Right. That's why the wiki had it marked as proposed. It had not been agreed 
to. It contained the last state of the proposal. It meant that at a later date 
the conversation could be continued.

> 
> If you feel that Scope should still be under consideration, I encourage you 
> to address Troy's objections.

Answer to all objections: It can be handled automatically just like 
InstallSize. If it is there great. If not assume the entire v11n.

He offered to whip up a speedy computation. There was concern expressed that it 
wouldn't be speedy enough for older iPhones. This has been recently discussed 
on another thread, with suggested API and a bump to get it in there. Once 
there, we'll empirically see whether it is fast enough. I'm working on similar 
for JSword.

> 
>> I'm not at all clear why NoParagraphs was added as a Feature for the
>> frontends to use. I don't remember any discussion of it here. I don't
>> see the need for it. A frontend can examine each and every verse to
>> see if there is paragraphing or other such structural elements that
>> imply paragraphing. I have no intention of using it for the KJV. At
>> least not without community discussion and buy-in.

This paragraph was mean. I should not have said it this way at all. I was upset 
that Scope was pulled from the wiki when it had been there for over a year and 
NoParagraphing was added (based on a discussion that was further back than I 
could remember).

Again my apologies.

>> 
>> How is NoParagraphs any different than NoIntroductions (or
>> Introductions) !!!!!
> 
> They're quite different. There are an order of magnitude more verses than 
> introductions. Knowing whether to render a particular chapter (or other view 
> scope) as VPL or paragraphed would require doing a substring search through 
> every single verse of the module in order to maintain consistent rendering 
> across chapters. So that would make it about a 3-4 orders of magnitude more 
> work than checking for introductions at run time. (Compare the number of 
> bytes per Bible times the number of paragraphing elements to the number of 
> chapters per Bible. That's the difference in the order of work.)

Chapter N, Verse 0 will have content in most new OSIS modules. Osis2mod retains 
pretty much everything.
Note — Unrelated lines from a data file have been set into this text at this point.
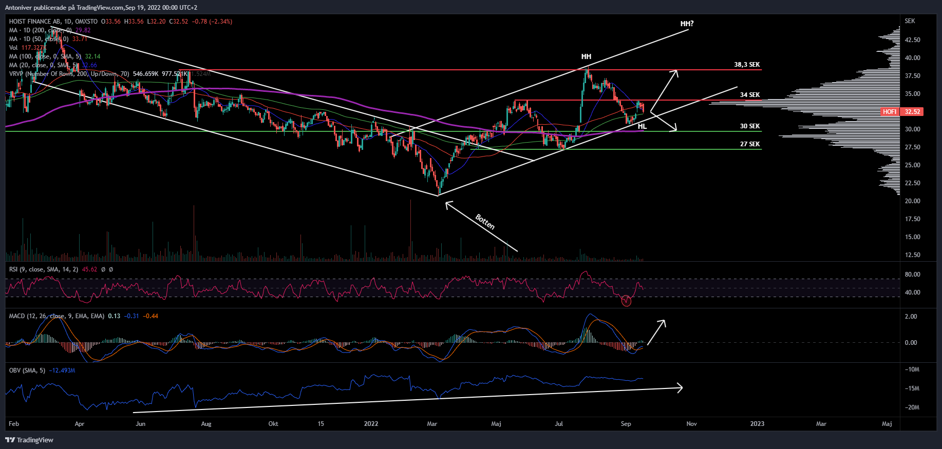 Hoist Finance tycker jag ser intressant ut ur tekniskt perspektiv, mycket på grund av att aktiekursen allt tydligare befinner sig inom en hälsosamt stigande trendkanal. Enligt mitt sätt att se det så har Hoist Finance printat en signifikant botten vid 20 – 21 SEK och har sedan dess bildat en stigande trendkanal där högre toppar har satts följt av högre bottnar. Sedan innan befann sig aktiekursen i en fallande trend och noterades även då under samtliga glidande värden från och till. Hoist Finance lyckades dock bryta sig ur den negativa trenden under april tidigare i år, detta visade sig vara början på en mer positiv resa för aktiekursen.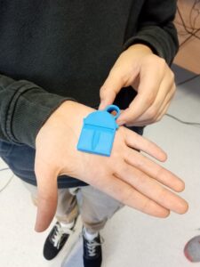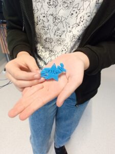 Kontynuując działania kreatywne z drukiem 3D uczniowie przygotowali zaprojektowane wcześniej breloczki do wydruku przy pomocy programu do cięcia obiektów 3D. Wydruki są czasochłonne, więc poniżej prezentujemy tylko kilka pierwszych prac.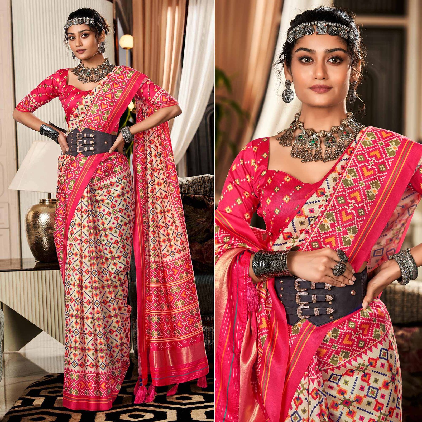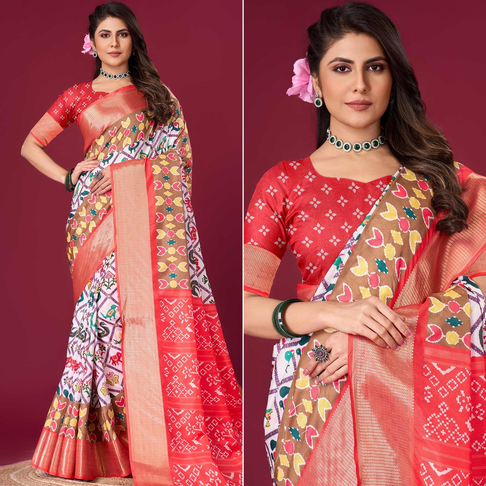 White & Red Digital Patola Printed With Woven Border Dola Silk Saree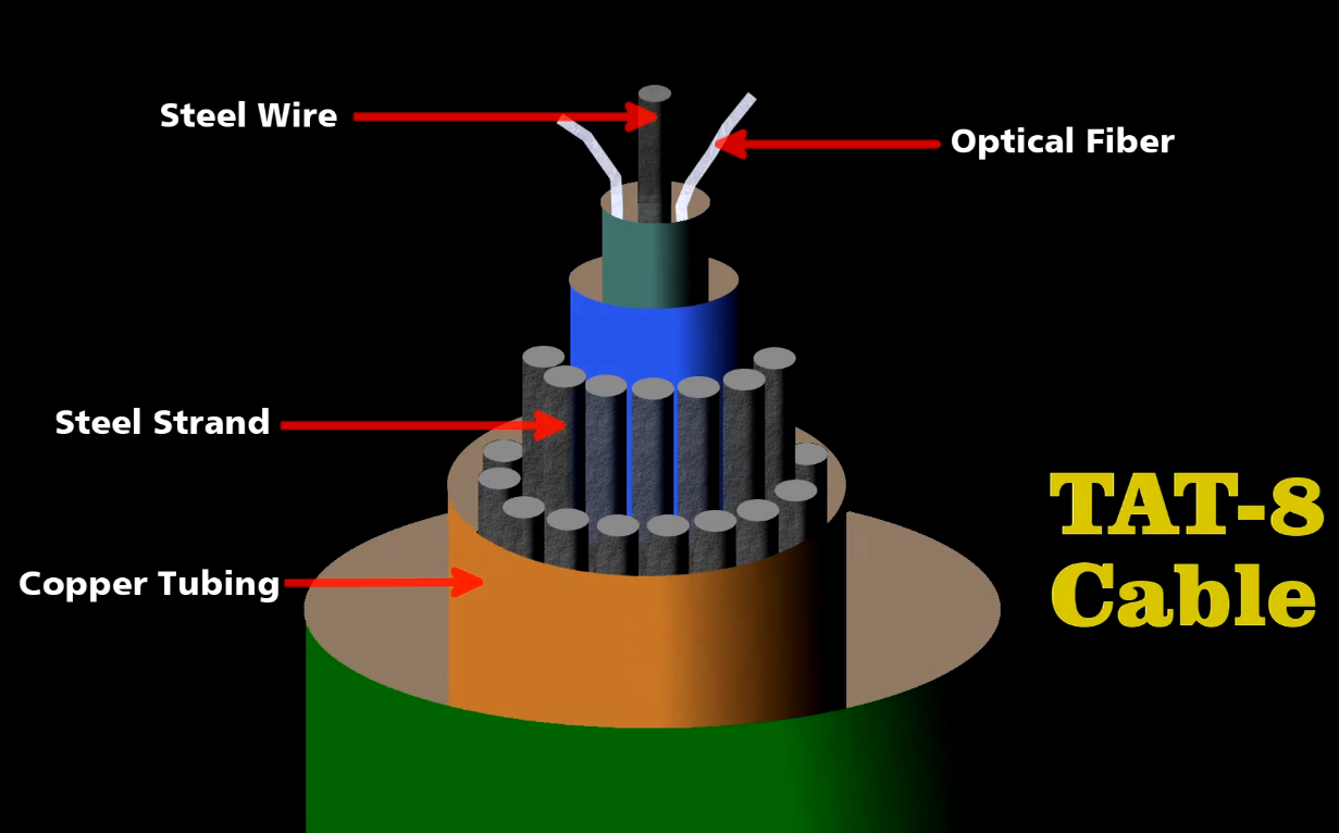 然後他們以拉扯纏繞,在車輪的方式來拉纖,速度可以高達每分鐘1600米,通常這些拉扯塔高達數層樓,高度使光纖在被纏繞前可以冷卻。其中一個應用光纖電纜的偉大工程成就是第一個跨海洋光纜,這個光纜叫做TAT-8,它從 Tuckerton, New Jersey,沿著大西洋海底經過3500英里分支到,英國的Widermouth和法國的Penmarch。工程師小心的設計電纜,才能讓電纜安全放置在海底。 核心位於電纜的中心,這個直徑小於1/10吋的核心,包含了6根光纖,這些些光纖纏繞著一中央鋼絲,光纖被嵌入在彈性體作為襯墊,用鋼絞線圍繞核心後,把它用銅圓柱體保護,最終的電纜直徑小於一英寸,但它卻可以處理大約40,000個同時通話。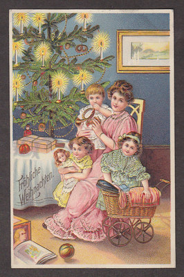 Title (ebay affiliate link): X2035 Embossed Christmas postcard, Mother and Children, Tree, Used 1909,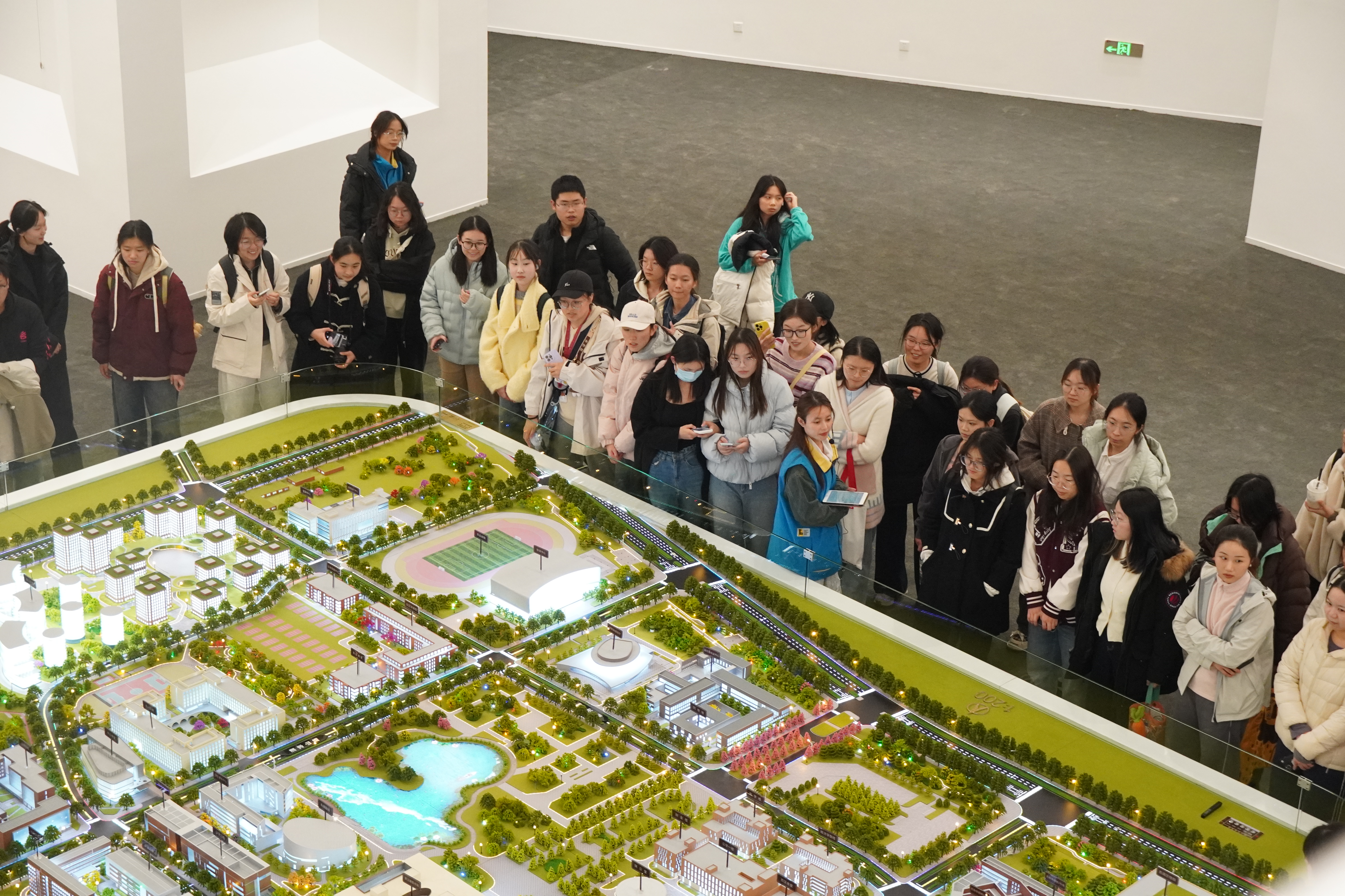 活动伊始,学员们在志愿者的引导下开启新校区实地探访,通过通州校区的沙盘模型直观了解通州校区的功能布局、整体规划理念,以及“新时代示范校园”的建设定位。互动答疑中补充的规划细节,让学员们更加感受新校区的宏伟格局与时代气息,进一步增强对公司发展蓝图的认同感与归属感。

It will probably contain:
<chapter osisID="xxxx">
<title>Genesis N</title>
(Though it might not have the title.)

This has no introduction. It does have content: Markup and titles. The only way 
to tell that it doesn't have an introduction is to parse it. I mentioned this 
in an earlier post.

How is this any harder than parsing to see if there is are elements related to 
paragraphing?

> 
> 
> Feature=NoParagraphs was discussed in 2009. Literally no one disagreed with 
> the proposal to add *something*. David asked about a feature like this a few 
> weeks back, prompting me to add the discussed and generally approved-of 
> feature to the wiki. I went with NoParagraphs rather than Paragraphs because 
> it's clearly the marked case and the fallback behavior for existing content 
> will be the current behavior.
> 
> Original discussion thread here:
> http://www.crosswire.org/pipermail/sword-devel/2009-November/033058.html

I re-read the thread and there were objections. I don't think they were 
addressed before the thread stopped. The biggest was that people didn't want 
the module version number to be bumped when the only change was to the conf. 
The other big one was that the real problem with VPL was for modules that had 
paragraphing. (The desire was for frontends to know when to expect paragraphing 
so that VPL would not introduce so much blank lines. The whitespace issue is 
being worked. I don't know if it is encompassing the VPL whitespace issue.)

I don't think we reached any more conclusion regarding the feature than for 
scope/coverage.

> 
> It's informational for front end developers, so there are no implied 
> conformance requirements. If you want to render the KJV incorrectly by 
> default in Bible Desktop, that's your choice.

Chris, in an earlier response, I apologized for my tone. I repeat that apology 
here.

I really don't care one way or the other whether Feature=(No)Paragraphing is 
added to the conf.

As far as I know, every frontend renders the KJV incorrectly by default.